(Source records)
========

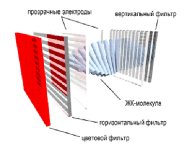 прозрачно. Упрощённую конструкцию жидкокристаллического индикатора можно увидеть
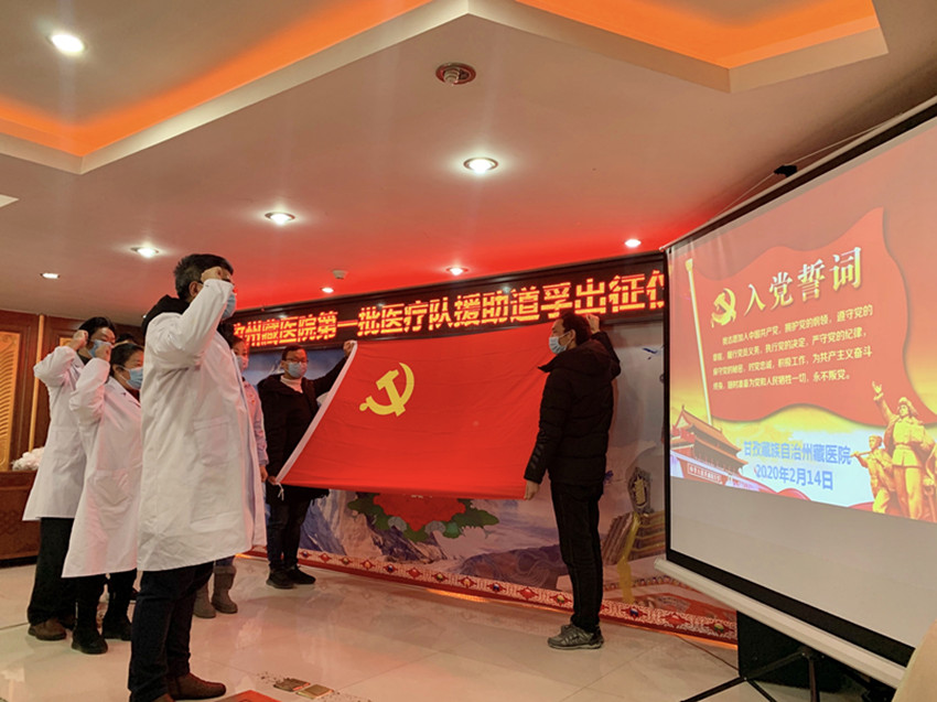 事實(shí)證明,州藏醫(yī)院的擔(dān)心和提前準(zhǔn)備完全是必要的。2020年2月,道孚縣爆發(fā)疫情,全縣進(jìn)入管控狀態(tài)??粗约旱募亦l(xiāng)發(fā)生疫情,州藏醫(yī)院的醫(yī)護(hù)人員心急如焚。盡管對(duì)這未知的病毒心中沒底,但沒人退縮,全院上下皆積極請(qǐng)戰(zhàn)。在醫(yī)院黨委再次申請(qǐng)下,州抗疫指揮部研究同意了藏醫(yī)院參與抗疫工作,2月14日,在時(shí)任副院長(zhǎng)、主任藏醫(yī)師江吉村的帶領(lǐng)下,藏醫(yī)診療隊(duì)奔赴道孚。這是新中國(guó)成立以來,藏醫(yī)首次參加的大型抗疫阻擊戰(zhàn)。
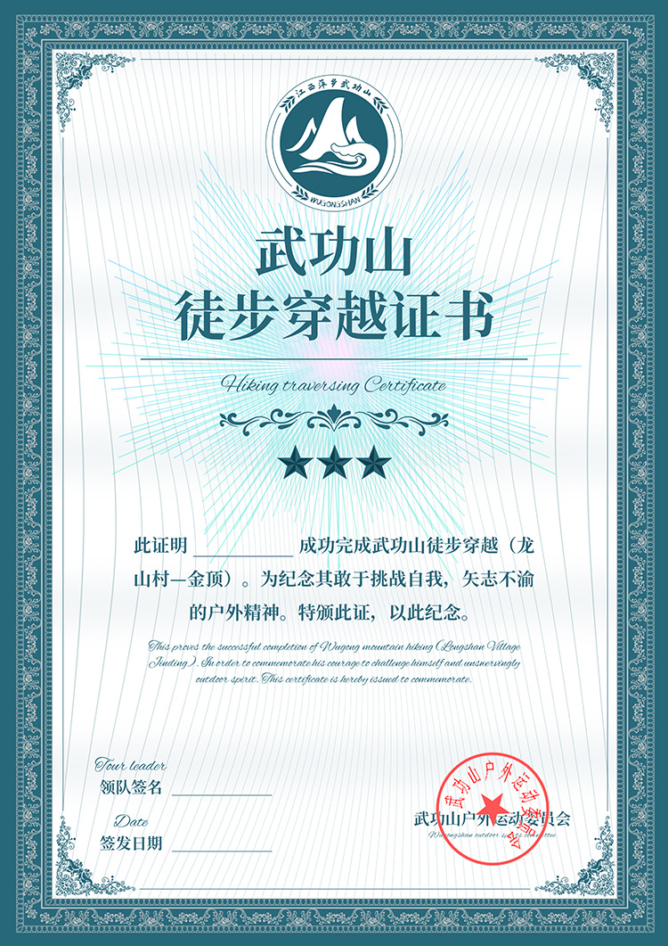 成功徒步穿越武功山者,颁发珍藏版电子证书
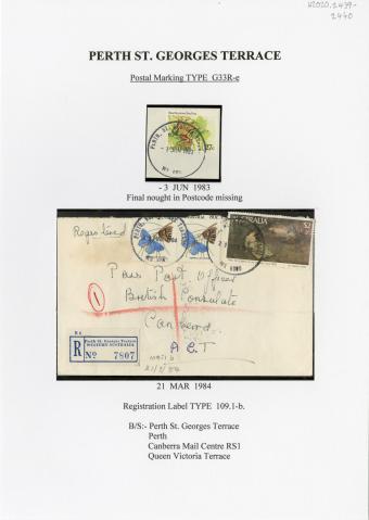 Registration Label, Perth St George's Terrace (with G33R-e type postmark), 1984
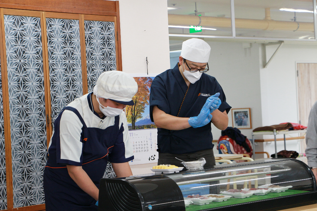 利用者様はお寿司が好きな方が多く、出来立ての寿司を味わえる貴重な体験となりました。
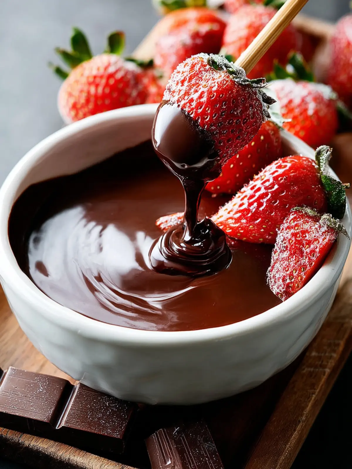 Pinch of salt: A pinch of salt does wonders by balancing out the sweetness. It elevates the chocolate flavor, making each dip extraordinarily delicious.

========

- _TASK DIRECTIONS_: The entries above must be restated exactly in the answer, and the pictures left out.

- _RESPONSE AREA_:
 прозрачно. Упрощённую конструкцию жидкокристаллического индикатора можно увидеть
 事實(shí)證明,州藏醫(yī)院的擔(dān)心和提前準(zhǔn)備完全是必要的。2020年2月,道孚縣爆發(fā)疫情,全縣進(jìn)入管控狀態(tài)??粗约旱募亦l(xiāng)發(fā)生疫情,州藏醫(yī)院的醫(yī)護(hù)人員心急如焚。盡管對(duì)這未知的病毒心中沒底,但沒人退縮,全院上下皆積極請(qǐng)戰(zhàn)。在醫(yī)院黨委再次申請(qǐng)下,州抗疫指揮部研究同意了藏醫(yī)院參與抗疫工作,2月14日,在時(shí)任副院長(zhǎng)、主任藏醫(yī)師江吉村的帶領(lǐng)下,藏醫(yī)診療隊(duì)奔赴道孚。這是新中國(guó)成立以來,藏醫(yī)首次參加的大型抗疫阻擊戰(zhàn)。
 成功徒步穿越武功山者,颁发珍藏版电子证书
 Registration Label, Perth St George's Terrace (with G33R-e type postmark), 1984
 利用者様はお寿司が好きな方が多く、出来立ての寿司を味わえる貴重な体験となりました。
 Pinch of salt: A pinch of salt does wonders by balancing out the sweetness. It elevates the chocolate flavor, making each dip extraordinarily delicious.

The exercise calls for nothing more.